3.13 To a sentence belongs all that belongs to the projection, but not what is projected.
Thus the possibility of what is projected belongs to it, but not it itself.
Its sense is therefore not yet contained in a sentence, but [perhaps?] the possibility of expressing it is.
(“The content of a sentence” means the content of a significant [meaningful, sinnvollen] sentence.)
The form of its sense is contained in a sentence, but not its content.
I’m following Black (p. 100) here in translating Satz as ‘sentence’ rather than ‘proposition.’
You would think that only what is projected (the sense or meaning) is what belongs in common to both a proposition and the sentence that is its projection. But here Wittgenstein says that propositions are really something like potential sentences. Not only do we encounter propositions only in the form of sentences, but propositions exist only as sentences. Because until they are sentences, propositions have no content, no sense. And a proposition without sense is hardly a proposition at all, is it? If a proposition has only form then it certainly has no real existence. It is a logical fiction or hypothetical ‘entity’ used for thinking about logic. Its ‘existence’ is purely logical, not metaphysical at all.

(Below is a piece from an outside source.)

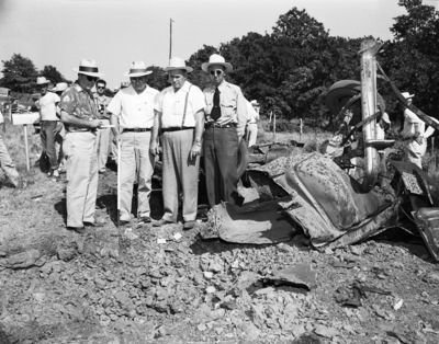 Bomb killing of Dallas, Texas gambler Herbert Noble; investigating officers on Herbert Noble's Denton County farm. Left to right are Texas Ranger Lewis C. Rigler of Gainesville, Denton County Sheriff Ones Hodges, his chief deputy, E. D. Davis, and Deputy Roy C. Baker, all of Denton.
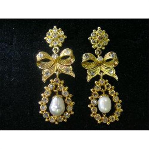 <tr><td>Title:ANTIQUE GOLD EARRINGS W/ DIAMONDS & PEARL</td></tr>

Alternatively, the first sentence of 3.13 might be read as saying that propositions and sentences (tokens) have everything in common except the physical manifestation that is the sentence (token). That (the physical stuff) is what is projected. Thus the possibility of being communicated belongs to a proposition, but not the perceptible properties necessary for communication themselves. It therefore has no use yet (so sense is use?), but only the possibility of being used. This doesn’t sound too implausible, but what would be “the possibility of expressing the sense of a proposition” if this sense were itself the expression of a proposition/thought/sentence? The second half of 3.13 seems incompatible with the reading offered in this paragraph. So we are back with my previous paragraph. What now to make of the first sentence of 3.13, which does sound odd? I think oddness often indicates irony in the Tractatus. To a proposition belongs nothing, in other words, because what is projected exists only in sentences. (Or thoughts ‘embodied’ in some perceptible medium. I don’t see why this has to be physical and not, say, the stuff of a Cartesian mind.)
Black (p. 100) says that what belongs to the projection means “all that is internal to the representing relation, i.e. the logical form that the sentence has in common with the state of affairs it represents (2.18)” and what is projected means the sense. He also says (same page) that: “form of its sense = ‘form of the possible state of affairs presented’ = ‘the logical form’.”